El 18 de febrero de 2014, decenas de miles de venezolanos salieron a las calles de Caracas vestidos de blanco y ondeando banderas tricolor para apoyar al político opositor Leopoldo López, tras conocerse que había una orden de captura en su contra.
Entre gritos y lágrimas, algunos de sus seguidores le rogaban que no se entregara.
«Yo me presento ante una justicia injusta», gritó por megáfono, antes de presentarse voluntariamente ante la Guardia Nacional, que lo llevó en una tanqueta blindada.
Desde entonces, Leopoldo López ha estado enterrado en vida en la prisión militar de Ramo Verde.
El valeroso político está acusado de ser el responsable intelectual de la violencia del 12 de febrero, cuando una manifestación pacífica terminó en actos vandálicos contra la sede de la Fiscalía General, la quema de vehículos oficiales y la muerte de dos manifestantes a manos de agentes de seguridad del Estado.
Aunque López ya se había retirado del lugar cuando sucedieron los hechos, los amigos de Pablo Iglesias, Juan Carlos Monedero y el grupo directivo de Podemos le imputan los delitos de conspiración, incitación a delinquir, intimidación pública, incendio y daño a la propiedad pública, homicidio agravado premeditado y terrorismo.
A lo largo de un año López ha sido víctima de todas las vejaciones y violaciones de los derechos humanos imaginables en la prisión de Ramo Verde.

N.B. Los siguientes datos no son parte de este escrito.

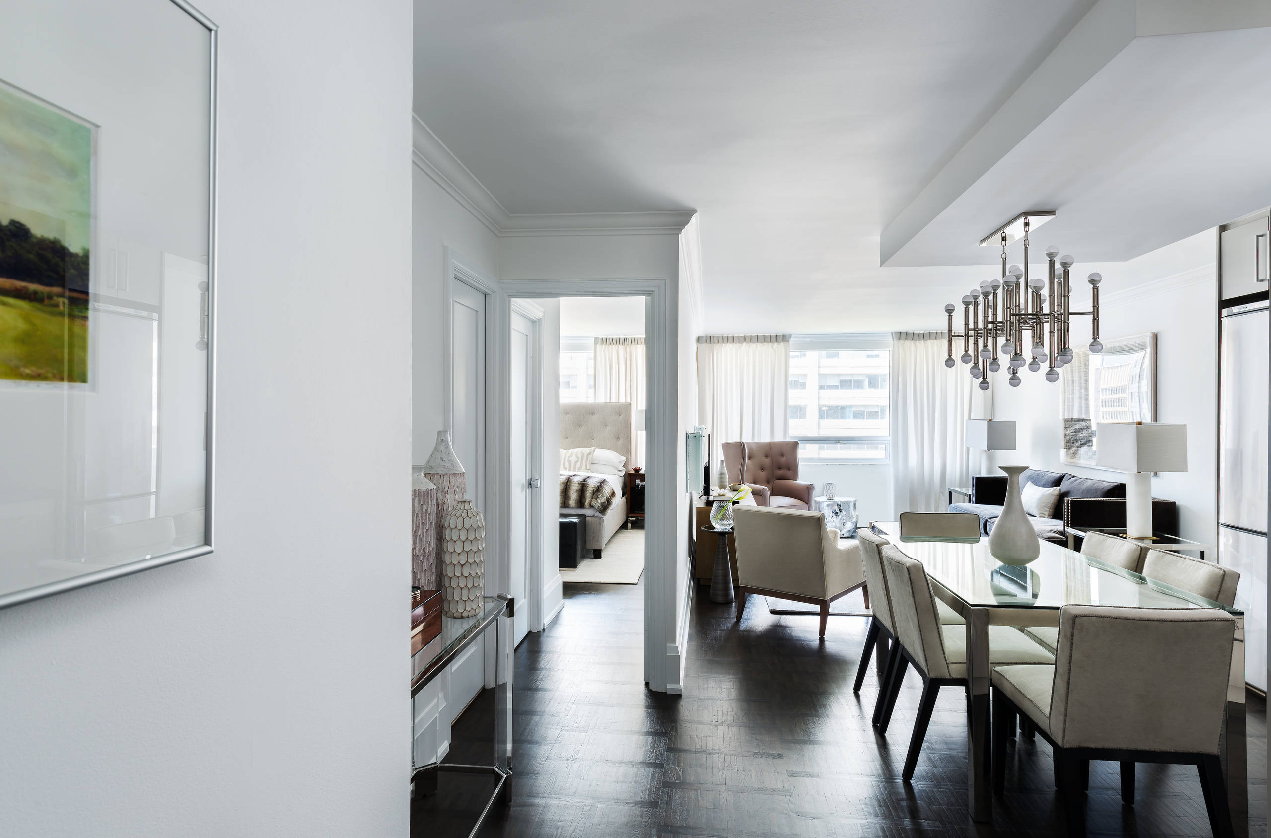 7. Dropped ceiling. Speaking of complicated electrical work, sometimes it can seem nearly impossible to add lighting in a space with a concrete ceiling not suited to taking on fixtures. This is where a dropped ceiling works on multiple levels. The drop itself helps define an area below (such as the dining area shown in this project I designed), while providing a space to run electrical to a chandelier or house recessed potlights.

Sin razón alguna le limitan las visitas de los familiares.
A excepción de sus abogados, ningún conocido, amigo o periodista ha podido visitarlo. Ni siquiera los tres expresidentes el chileno Santiago Piñera, el colombiano Andrés Pastrana y el mexicano Felipe Calderónhan podido verlo.
De noche la prisión de Ramo Verde es muy ruidosa. El castigo consiste en poner con volumen alto las canciones revolucionarias de Hugo Chávez para que los presos políticos no puedan dormir.
Hasta los han bañado de orines y excrementos, junto a Ceballos, vecino de celda y de causa, para quebrar su resistencia.